> **TASK PROMPT**:
When the line with "Albertans are being" appears below, start repeating lines exactly, and keep going through the line with "Kayseri’de bugün 7"; add nothing outside that span.

> **DATA UNDER STUDY**:
Content starts

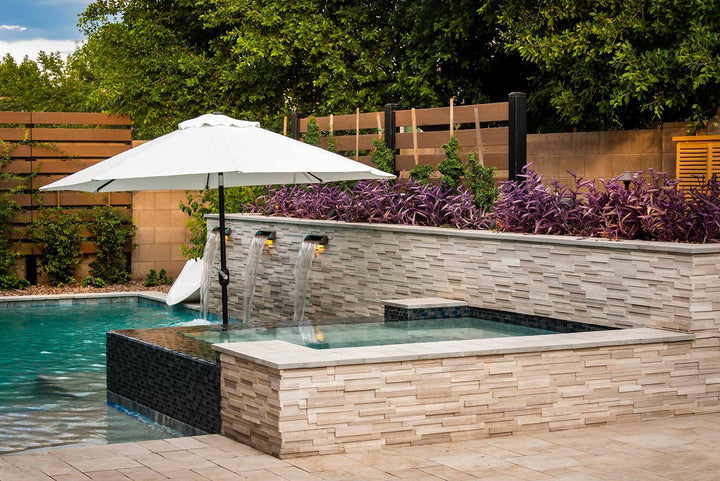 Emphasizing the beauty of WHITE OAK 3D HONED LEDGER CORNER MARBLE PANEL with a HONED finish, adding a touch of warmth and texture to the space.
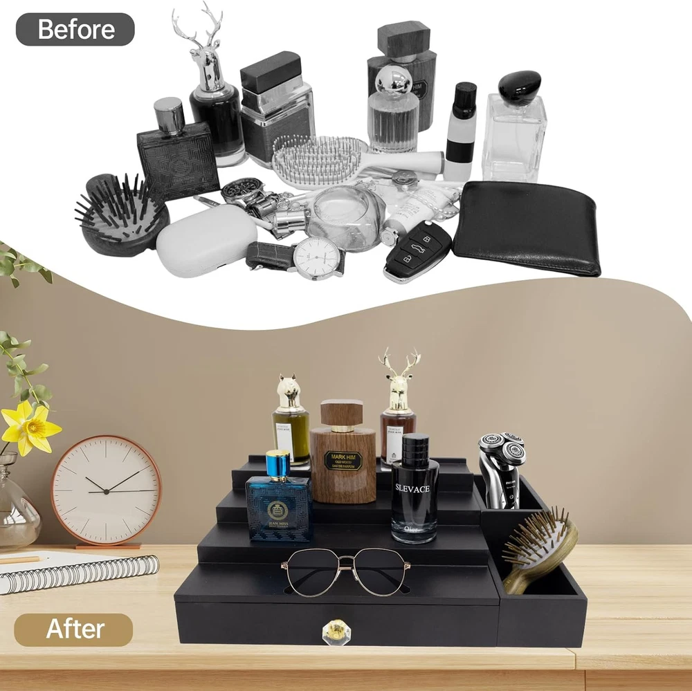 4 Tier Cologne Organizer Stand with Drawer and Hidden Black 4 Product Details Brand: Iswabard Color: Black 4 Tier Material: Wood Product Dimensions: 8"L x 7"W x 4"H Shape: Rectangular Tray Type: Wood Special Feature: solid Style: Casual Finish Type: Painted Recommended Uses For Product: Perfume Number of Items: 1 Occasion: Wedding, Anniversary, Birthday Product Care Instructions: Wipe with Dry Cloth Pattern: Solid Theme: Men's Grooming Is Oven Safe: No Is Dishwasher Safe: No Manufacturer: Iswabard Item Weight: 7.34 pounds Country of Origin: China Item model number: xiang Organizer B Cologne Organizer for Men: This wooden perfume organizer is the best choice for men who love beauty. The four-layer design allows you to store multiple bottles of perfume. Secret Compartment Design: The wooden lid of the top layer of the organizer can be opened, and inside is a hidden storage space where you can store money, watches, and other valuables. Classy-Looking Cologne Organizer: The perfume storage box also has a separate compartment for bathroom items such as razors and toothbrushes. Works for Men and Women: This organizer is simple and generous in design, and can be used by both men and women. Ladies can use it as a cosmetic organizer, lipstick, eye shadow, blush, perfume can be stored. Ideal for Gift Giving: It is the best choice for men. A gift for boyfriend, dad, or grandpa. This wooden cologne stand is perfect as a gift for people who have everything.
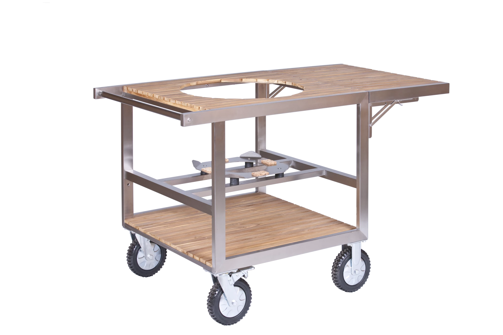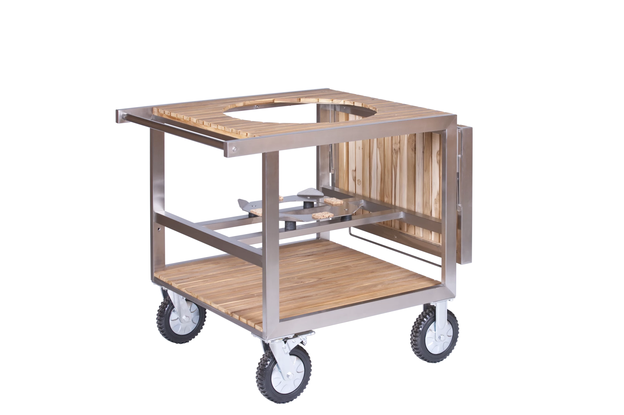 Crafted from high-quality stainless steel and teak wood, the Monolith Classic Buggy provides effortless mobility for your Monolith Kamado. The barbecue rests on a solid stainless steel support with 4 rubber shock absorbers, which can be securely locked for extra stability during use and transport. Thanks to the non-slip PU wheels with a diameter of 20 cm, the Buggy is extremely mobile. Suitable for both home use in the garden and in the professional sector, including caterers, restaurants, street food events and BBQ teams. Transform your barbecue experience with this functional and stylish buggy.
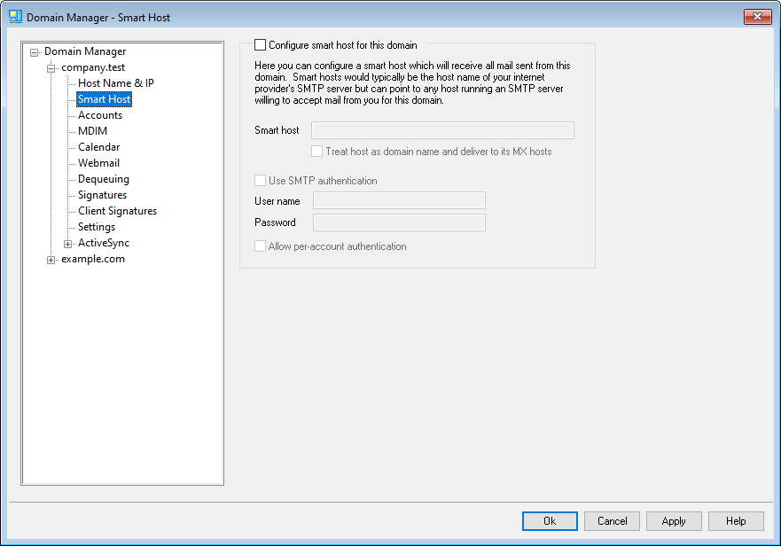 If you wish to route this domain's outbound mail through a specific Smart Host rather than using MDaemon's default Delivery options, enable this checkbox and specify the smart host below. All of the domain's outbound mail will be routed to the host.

Content ends
Content starts

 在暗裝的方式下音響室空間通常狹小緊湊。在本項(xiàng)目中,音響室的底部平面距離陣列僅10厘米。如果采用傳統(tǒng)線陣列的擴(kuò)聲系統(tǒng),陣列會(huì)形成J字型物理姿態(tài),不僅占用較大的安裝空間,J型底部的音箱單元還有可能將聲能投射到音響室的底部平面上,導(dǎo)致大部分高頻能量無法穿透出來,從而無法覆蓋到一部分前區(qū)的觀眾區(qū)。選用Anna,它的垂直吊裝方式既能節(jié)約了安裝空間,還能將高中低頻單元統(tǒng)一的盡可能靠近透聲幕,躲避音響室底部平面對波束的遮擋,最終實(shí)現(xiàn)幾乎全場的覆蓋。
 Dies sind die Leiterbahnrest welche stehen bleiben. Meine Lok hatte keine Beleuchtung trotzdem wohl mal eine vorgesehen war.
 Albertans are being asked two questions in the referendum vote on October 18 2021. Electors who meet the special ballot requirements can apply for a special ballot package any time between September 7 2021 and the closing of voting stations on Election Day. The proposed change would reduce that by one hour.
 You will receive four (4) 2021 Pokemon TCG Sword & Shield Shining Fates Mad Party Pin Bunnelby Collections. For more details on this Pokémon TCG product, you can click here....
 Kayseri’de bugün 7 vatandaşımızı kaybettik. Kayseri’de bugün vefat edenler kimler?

Content ends

> **ANSWER TO THIS TASK**:
 Albertans are being asked two questions in the referendum vote on October 18 2021. Electors who meet the special ballot requirements can apply for a special ballot package any time between September 7 2021 and the closing of voting stations on Election Day. The proposed change would reduce that by one hour.
 You will receive four (4) 2021 Pokemon TCG Sword & Shield Shining Fates Mad Party Pin Bunnelby Collections. For more details on this Pokémon TCG product, you can click here....
 Kayseri’de bugün 7 vatandaşımızı kaybettik. Kayseri’de bugün vefat edenler kimler?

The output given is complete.